For example we had the frictionless car that helped reduce the particular friction greatly; also typically the ramp let the wheels fit into the plane which made the chaffing almost definitely According to be able to our graph above which usually is the points we have from our lab; all of us can declare as the angle of inclination raises then the average acceleration would increase. Except with regard to a few exceptions its is usually proved through our chart that the acceleration is elevated because the angle is improved, however for those exceptions we all may have the ability to say that error was involved because 30% is quite high.
We present our data using a couple of different methods and different numbers for each in addition to generally got different solutions. By looking at all in our data we can come to the conclusion that will the angle of tendency does not affect the particular acceleration.

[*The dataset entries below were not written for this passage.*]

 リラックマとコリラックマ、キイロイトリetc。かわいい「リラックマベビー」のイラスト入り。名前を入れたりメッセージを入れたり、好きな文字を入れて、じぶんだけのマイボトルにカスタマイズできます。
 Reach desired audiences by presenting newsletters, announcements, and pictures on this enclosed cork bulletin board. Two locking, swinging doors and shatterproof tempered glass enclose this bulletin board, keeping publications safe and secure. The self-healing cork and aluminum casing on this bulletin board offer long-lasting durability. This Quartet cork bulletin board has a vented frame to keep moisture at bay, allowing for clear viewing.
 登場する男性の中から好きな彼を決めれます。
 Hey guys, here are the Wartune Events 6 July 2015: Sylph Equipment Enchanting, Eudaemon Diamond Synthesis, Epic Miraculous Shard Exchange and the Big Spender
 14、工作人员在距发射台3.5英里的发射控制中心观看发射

Like our Projectile Motion lab that we have done recently the particular projectile went a particular distance at a certain angle and then after altering the angle the distance would decrease after a while. All of us can say the exact same just for this Lab as that when the angle will be lower than 90 the acceleration would increase until the angle is over 90 and the speed will decrease again.

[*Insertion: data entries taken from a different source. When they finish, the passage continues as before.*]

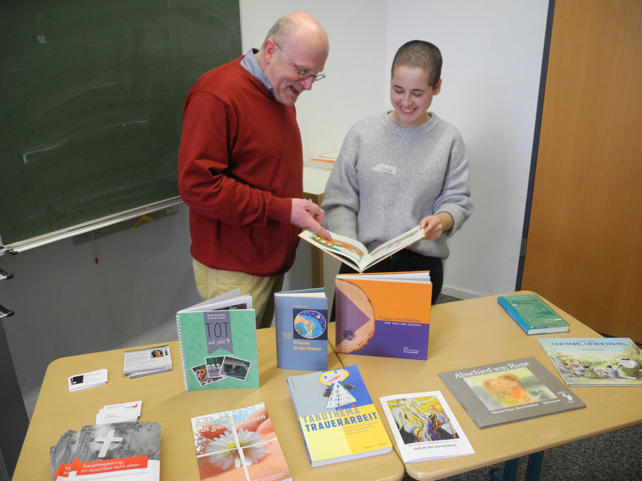 Am Ende bedankten wir uns bei Herrn Ueberfeld für die sehr gefühlvolle Gestaltung der Doppelstunde und den Einblick in seine praktischen Erfahrungen zu einem so wichtigen und für unsere Arbeit und unser Leben bedeutsamen Thema. Weitere konkrete Informationen zur Trauerarbeit speziell im Umgang mit Menschen mit geistigen Behinderungen sollten sich im Religionsunterricht anschließen.
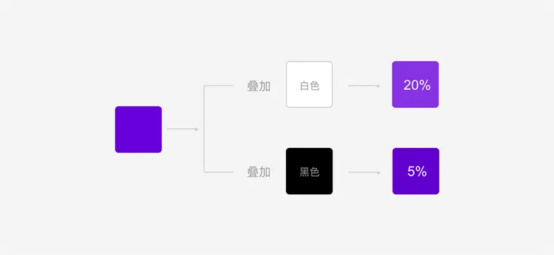 在交互行为中需对色彩做变化时,建议采取在颜色上添加黑色或者白色并按照 n+5% 的规律递增的方式来实现。以下图为例,当鼠标 hover 某个特定元素,就视为浮起,对应颜色就相应增加白色叠加,相反点击的行为可以理解为按下去,在颜色上就相应的增加黑色的叠加。
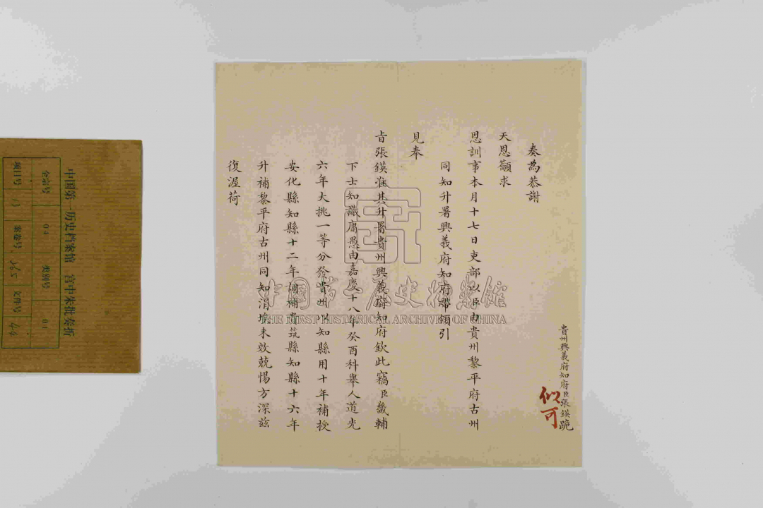 张锳出任兴义知府时上奏朝廷的奏折。(中国第一历史档案馆藏)

This is since if one examines this specific problem it makes sense. The car should go much faster until the bring if perpendicular to typically the ground and once you reduced the ramp to 180i?? then the car can barely have any acceleration considering there is no friction. In our Labrador we can calculate that will there is about 32% error which is very high, but for several reasons is true. We believe that this 32% mistake was taken because of random and systemic problems meaning that what all of us did made the error greater than it ought to be and also the particular proven fact that the instrument had been a bit hard to be able to work with.
One random error was that we definitely did not collect data and that will if we did acquire more data the outcomes would certainly be much more exact chances are they are. Another Random Mistake was the time that we used, we may have not used typically the time to our best success as it took very much time to prepare in addition to also take all the particular data down. A Systemic error that occurred has been with the frictionless car as the motion detector took a lot of time to detect the automobile and we had to measure from which height typically the car would be recognized. This took several before trails of which none of them were counted.
Our results from which we got from your lab compared to the gsin? outcome was not that a lot different, however there have been certain points that did not match up. Through my overall look I actually can say that the design and method of the particular investigation was good. Presently there were few weaknesses inside the lab, such as the movement detector taking time and energy to established up as well since getting it to operate appropriately which may have increased the error. Another weak point was our time supervision which was not upward to par, where inside this case we were at times working to fast and rushing a great deal since we didn’ t have much time left which affected our data tremendously.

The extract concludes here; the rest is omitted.